The Capitalist Schema

Time, Money, and the Culture of Abstraction

By (author) Christian Lotz

Not available to order

Publication date:

09 September 2014

Length of book:

191 pages

Publisher

Lexington Books

ISBN-13: 9780739182475

Christian Lotz argues that Immanuel Kant’s idea of a mental schematism, which gives the human mind access to a stable reality, can be interpreted as a social concept, which, using Karl Marx, the author identifies as money. Money and its “fluid” form, capital, constitute sociality in capitalism and make access to social reality possible. Money, in other words, makes life in capitalism meaningful and frames all social relations. Following Marx, Lotz argues that money is the true Universal of modern life and that, as such, we are increasingly subjected to its control.

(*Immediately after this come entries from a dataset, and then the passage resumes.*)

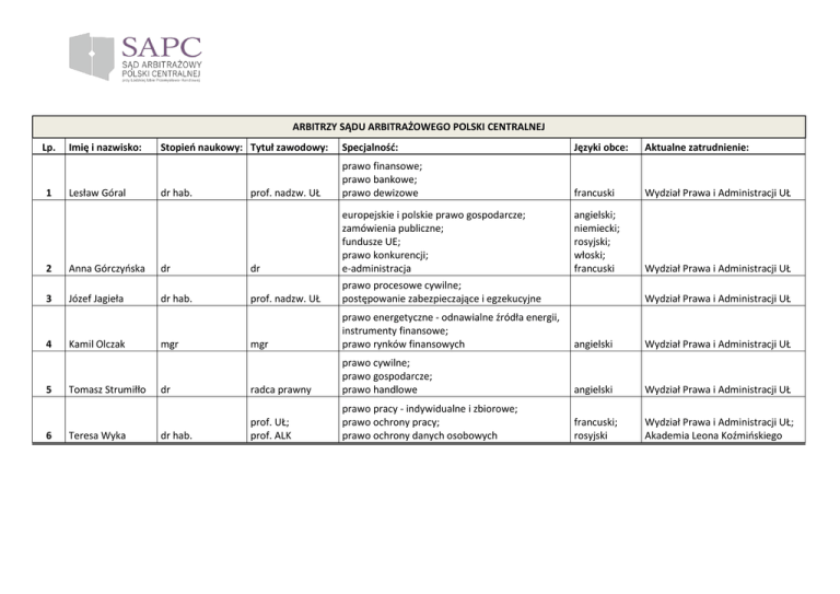 ARBITRZY SĄDU ARBITRAŻOWEGO POLSKI CENTRALNEJ Lp. 1 Imię i nazwisko: Lesław Góral Stopień naukowy: Tytuł zawodowy: Specjalność: Języki obce: Aktualne zatrudnienie: dr hab. prof. nadzw. UŁ prawo finansowe; prawo bankowe; prawo dewizowe francuski Wydział Prawa i Administracji UŁ angielski; niemiecki; rosyjski; włoski; francuski Wydział Prawa i Administracji UŁ 2 Anna Górczyńska dr dr europejskie i polskie prawo gospodarcze; zamówienia publiczne; fundusze UE; prawo konkurencji; e-administracja 3 Józef Jagieła dr hab. prof. nadzw. UŁ prawo procesowe cywilne; postępowanie zabezpieczające i egzekucyjne mgr prawo energetyczne - odnawialne źródła energii, instrumenty finansowe; prawo rynków finansowych angielski Wydział Prawa i Administracji UŁ dr radca prawny prawo cywilne; prawo gospodarcze; prawo handlowe angielski Wydział Prawa i Administracji UŁ dr hab. prof. UŁ; prof. ALK prawo pracy - indywidualne i zbiorowe; prawo ochrony pracy; prawo ochrony danych osobowych francuski; rosyjski Wydział Prawa i Administracji UŁ; Akademia Leona Koźmińskiego 4 5 6 Kamil Olczak Tomasz Strumiłło Teresa Wyka mgr Wydział Prawa i Administracji UŁ
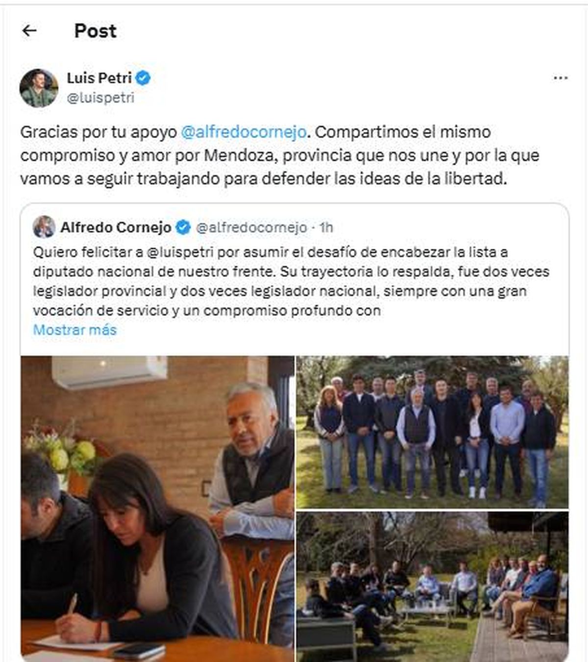 Y continúa: "La capacidad de trabajo y experiencia de ambos dirigentes hacen que su regreso al Congreso signifique la presencia de representantes que conocen en detalle su funcionamiento y que tienen un firme compromiso con la defensa de los intereses de Mendoza y de un proyecto nacional que necesita consolidarse para dar certeza, progreso y previsibilidad a un país que durante décadas perdió el rumbo".
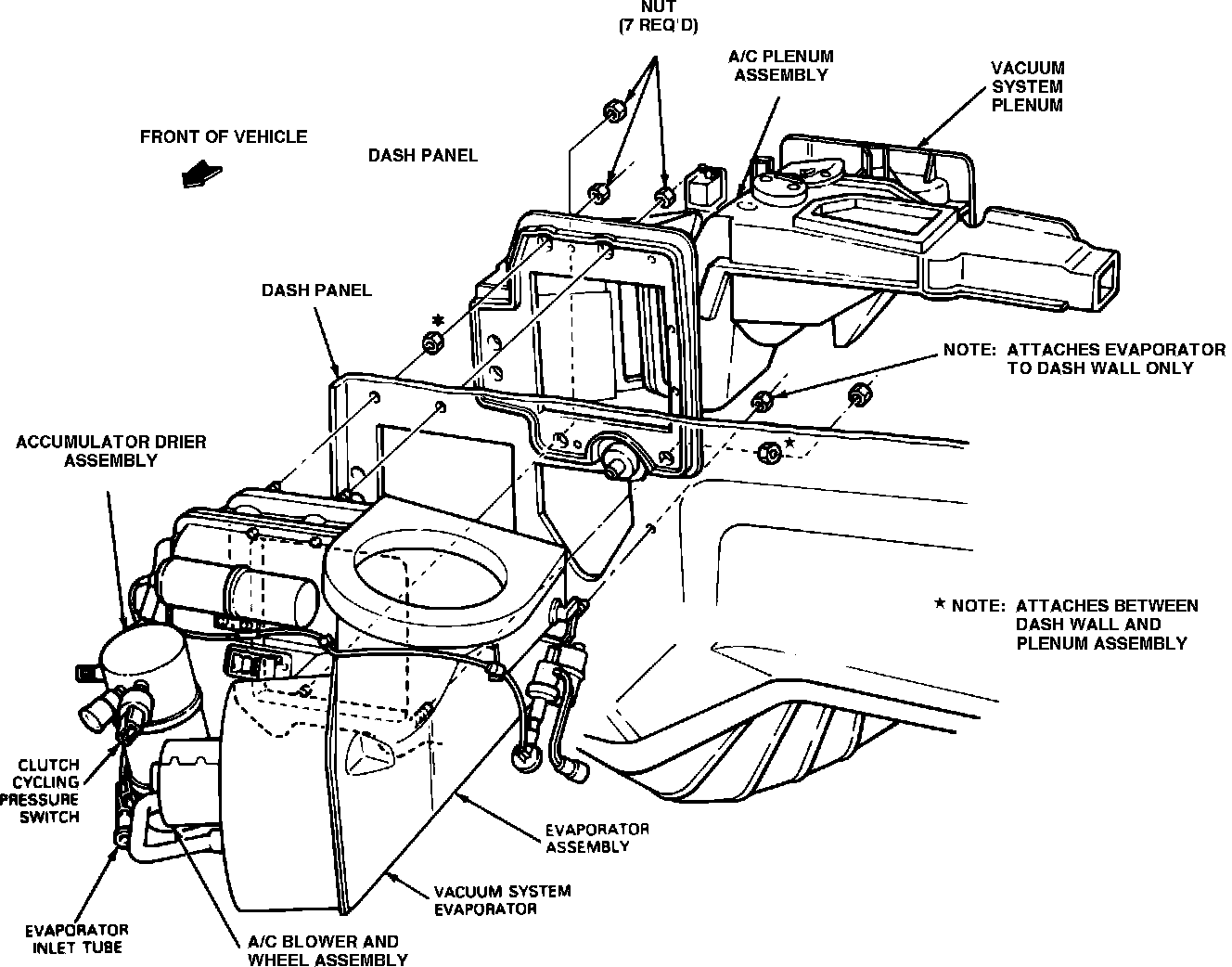 8. Disconnect accumulator/dryer assembly from evaporator core outlet tube and remove the assembly.
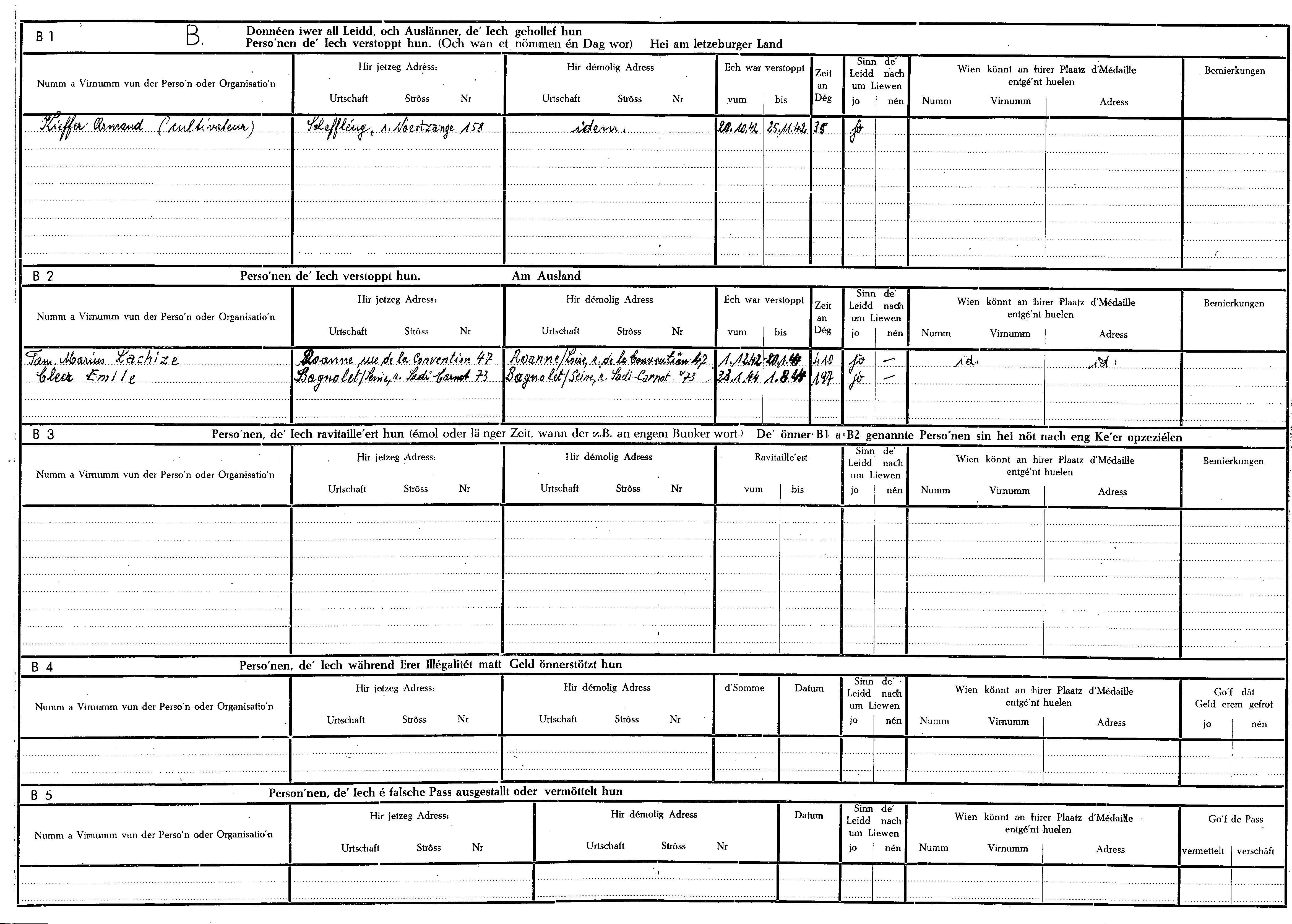 Nom, prénom, nom pendant l'occupation
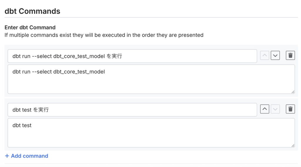 dbt run, dbt test など複数のコマンドを一つのジョブ内に定義できます。
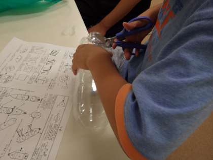 小学生7名が参加して、ペットボトルロケットを一所懸命作成していました。
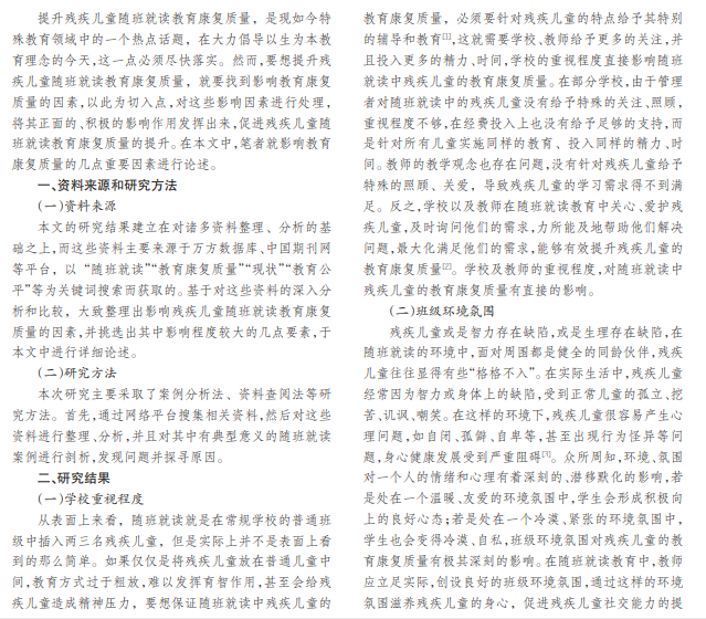在社会主义教育事业中,特殊教育是一个重要构成。随着“以人为本”教育理念的实施,随班就读教育也得 到快速发展,其教育康复质量受到社会的广泛重视,不断提高残疾儿童随班就读教育康复质量,是随班就读教育工作者 需要持续研究的课题,要对残疾儿童随班就读教育康复质量的影响因素进行研究。本文以此为立足点,采取案例分析 法、资料查阅法等方法,就残疾儿童随班就读教育康复质量的影响因素展开探讨。
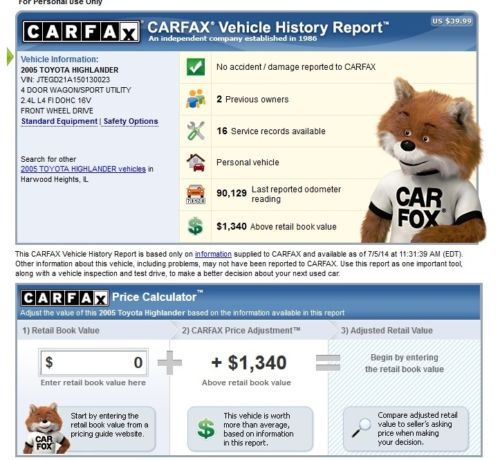 The car has a remote start and rubber WeatherTech floor mats. Clean title and clear CarFax history showing regular oil changes at Schaumburg Toyota dealer. The car has NEVER been involved in any accident. No rust. Recently installed Michelin Latitude Tour tires, rotated regularly by Costco, with the remainder of over 30,000 miles warranty. Mileage is about 92,000. This was Toyota certified car with warranty until 100,000 or 7 years. |
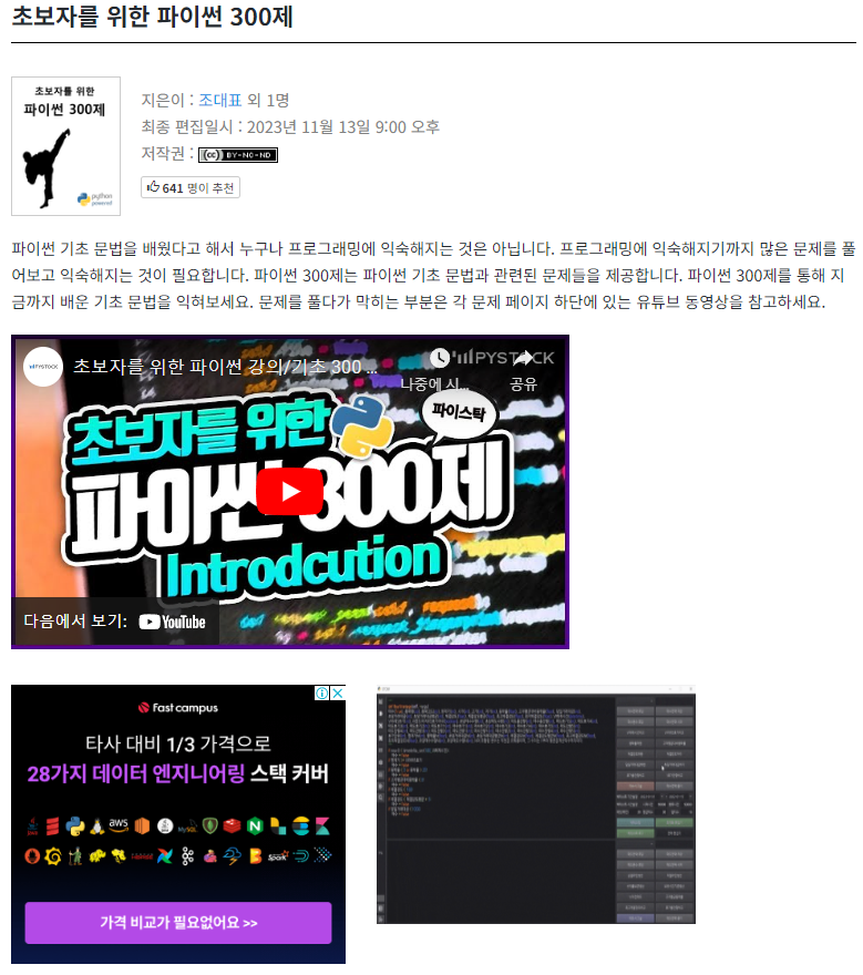 그런데 오랜만에 실습예제 url을 올려둔 포스팅을 발견하게 되어 파이썬을 이제 막 공부하시려는 분들을 위해 링크 공유드립니다.

As money and capital are closely linked to time, Lotz argues that in capitalism money also constitutes past and future “social horizons” by turning both into “monetized” horizons. Everything becomes faster, global, and more abstract. Our lives, as a consequence, become more mobile, “fluid,” unstable, and precarious. Lotz presents analyses of credit, debt, and finance as examples of how money determines the meaning of future and past, imagination, and memory, and that this results in individuals becoming increasingly integrated into and dependent upon the capitalist world. This integration and dependence increases with the event of electronics industries and brain-science industries that channel all human desires towards profits, growth, and money. In this way, the book offers a critical extension of Theodor Adorno’s analysis of exchange and the culture industry as the basis of modern societies. Lotz argues—paradoxically with and against Adorno—that we should return to the basic insights of Marx’s philosophy, given that the principle of exchange is only possible on the basis of more fundamental social and economic categories, such as money.

This is, without question, an immensely significant contribution to the literature. I regard this book as one of the two or three most stimulating contributions to Marxian philosophy I have ever read.